Am 2. September ging es los mit einem Knaller – und hat niemanden bis zum heutigen Tag losgelassen: ‚Ein Traum von Irland’. Von Anfang an lief dieses Stück wie die irische Feuerwehr. Und was seltsam war und ist: es zieht viele Menschen an, die eigentlich gar nicht so wild auf musikalische Stücke sind. Nur die Dorfkneipe von Leenane mit dem schönen Namen „The Harp“, von dem Jack McDoyle und Shane McCardigan, gespielt von den Säulen des Weyher Theaters Frank Pinkus (gleichzeitig auch Autor und Regisseur des Stückes) und Kay Kruppa, Abend für Abend behaupten, er wäre nicht gerade ein Ausbund von Kreativität seitens des Wirtes Tubby Tubson, bildet da eine wirklich außergewöhnliche Ausnahme. Bis dahin völlig unmusikalische Besucher summen schon in der Pause die ersten Melodien mit und drängen sich mit einem Lächeln auf dem Gesicht und einem Song auf den Lippen an die Bar, um die Pause stilecht mit einem ordentlichen Tröpfchen zu beginnen. Und wenn sich das Stück dem Ende zuneigt, dann steht das Publikum wie eine Eins, hört nicht auf zu applaudieren und zeigt den Akteuren auf der Bühne, das auch Nichtsänger aus dem Publikum den Mut aufbringen, dennoch laut und inbrünstig mitzusingen. Wobei auf der Bühne eigentlich nur ein einziger Nichtsänger ist: Tubby Tubson, Wirt, Original und einer der Sympathieträger des Dörfchens. Alle anderen sind sehr wohl Sängerinnen und Sänger. Und was für welche! Von mitreißenden irischen Kneipenliedern bis zu intensiv berührenden Balladen steigern sie sich von Song zu Song. Ein wahrhaft unvergesslicher Abend!
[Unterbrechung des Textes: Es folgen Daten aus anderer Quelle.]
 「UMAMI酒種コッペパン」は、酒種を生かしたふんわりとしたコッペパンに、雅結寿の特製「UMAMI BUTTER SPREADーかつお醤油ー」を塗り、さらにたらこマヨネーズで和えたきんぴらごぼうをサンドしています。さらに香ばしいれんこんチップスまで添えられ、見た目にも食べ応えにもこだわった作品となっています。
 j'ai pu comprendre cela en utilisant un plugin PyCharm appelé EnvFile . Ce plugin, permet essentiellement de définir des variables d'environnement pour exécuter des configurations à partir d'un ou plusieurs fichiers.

Für den Darsteller von Tubby Tubson war ‚Ein Traum von Irland’ der Einstand auf der Bühne in Weyhe: Thorsten Hamer. Und er erlebte den Traum von Weyhe, denn was dann passierte, geschieht nicht oft bei dem manchmal etwas drögen norddeutschen Publikum (wir dürfen das sagen, denn wir gehören dazu): Die Herzen flogen ihm sofort zu! Und schon bei dem zweiten Stück, wo er dann wieder eine der tragenden Rollen spielte, gewann er die tiefe Sympathie von (ungelogen) Tausenden von Zuschauern und gehört nun zu den klaren Publikumslieblingen. Auch auf der Bühne gibt es also immer wieder kleine Wunder! Ebenfalls wunderbar war der Einstand von Lisette Groot, die in Irland erstmalig auf der Bühne in Weyhe dabei war. Was für eine Stimme! Und absolut herrlich das Duett Carrickfergus mit Sarah Kluge. Dauergast auf der Bühne bei diesem Stück war Patrick Kuhlmann. Er sagt kein Wort und ist dennoch unverzichtbar mit seiner sensiblen und überzeugenden Begleitung der Sänger an der Gitarre.
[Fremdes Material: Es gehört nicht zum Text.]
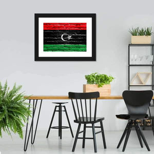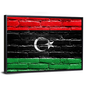 This canvas art features the Libya flag set against a textured brick wall, combining bold colors of red, black, green, and white. Its modern, graphic style evokes a sense of patriotism, making it a striking piece for any space.

Wo wir schon vom zweiten Stück der Saison sprechen: am 21. Oktober wurde es ernst mit dem Spaß: ‚Loriots dramatische Werke’ feierten fröhlichen Einstand. Erstmals auf der Bühne in Weyhe war hier Isolde Beilé zu erleben. Eine starke Persönlichkeit mit großer Ausstrahlung, die das Ensemble hervorragend ergänzt. Beispielhaft sei hier die Szene bei der Eheberaterin genannt. Nach langer Pause endlich wieder in Weyhe begrüßten wir Heidi Jürgens, die unter anderem als Fernsehansagerin für Lachstürme sorgte.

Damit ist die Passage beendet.